Orlando Rodrigues, Tiago Costa, Miguel Castelo Branco, Pedro Gaspar
Faculty of Health Sciences, University of Beira Interior, Portugal
Faculty of Engineering, University of Beira Interior, Portugal
In the UK it is estimated that the NHS spends every year almost £100 million in unused drugs and hospital admission costs attributed to patients not taking their prescribed medicine properly was estimated to be between £36m and £197m per year. In the U.S., medication non-adherence is estimated to lead to between $100 and $300 billion of avoidable healthcare costs annually, representing 3–10% of total U.S. healthcare costs. Studies show that improving medication adherence may have a greater influence on the health of the population than the discovery of any new therapy. Effective medicines are available for many conditions and yet patients are non-adherent 50% of the time reaching its critical point in certain disease states, such as asymptomatic conditions like hypertension, in which the incidence may approach 80%. Each disease has its special challenges, to answer the question to the non-adherence problem, we must understand that people under certain disease states, are not really aware of the danger when they unconsciously neglect the treatment and stop taking the prescribed medication.
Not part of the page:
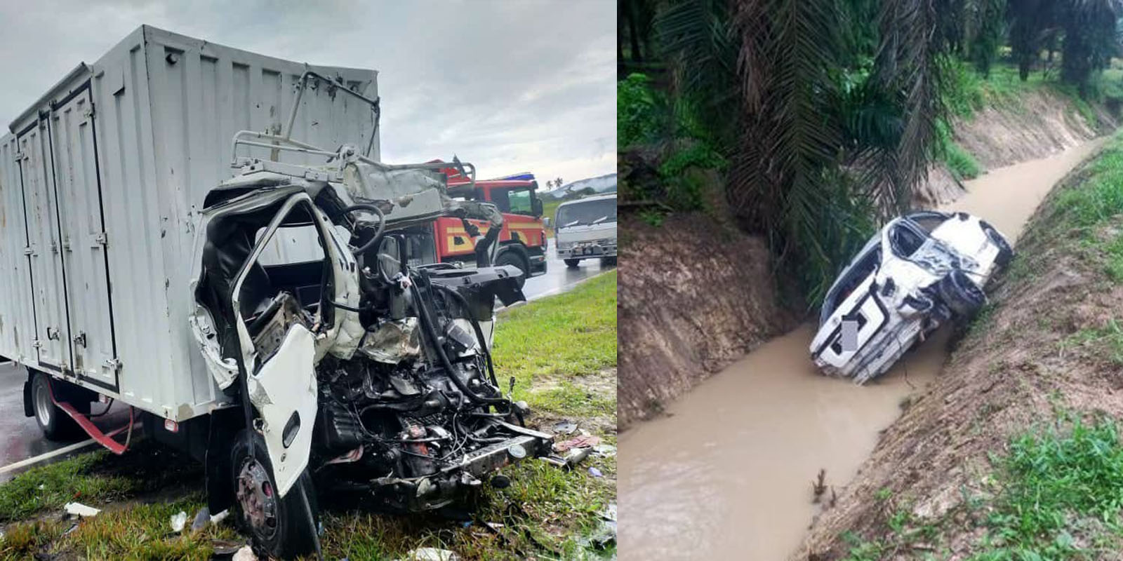 இரண்டாவதான Isuzu ரக லோரி, முதல் லோரியின் மீது மோதுவதைத் தவிர்க்க முயன்றதால், அதன் ஓட்டுநர் மற்றும் உதவியாளருக்கு மரணத்தை விளைவித்தது.

With the technological boom over the recent years, we were flooded with gadgets and devices that allow us to do practically everything. The objective of this article is to gather information in order to establish what are the main strengths of nowadays technology to assemble the best: integrated monitoring and control device, for therapeutic adherence. Our proposal is to create a therapeutic adherence monitoring device that consists in a smart blister coupled to a device which has the capacity to collect (from other medical devices) and send data (medicine taking time, blood pressure and oximetry) to a common server every. This allows the clinician to know, with high certain, if the patient is taking his medicine exactly how it has prescribed as well as the schedule of the same. Concluding, therapeutic non-adherence is a public health problem that leads to high economical and health losses. Nevertheless we find that the technological devices fit within the lifestyle of the average person and present themselves as a solution.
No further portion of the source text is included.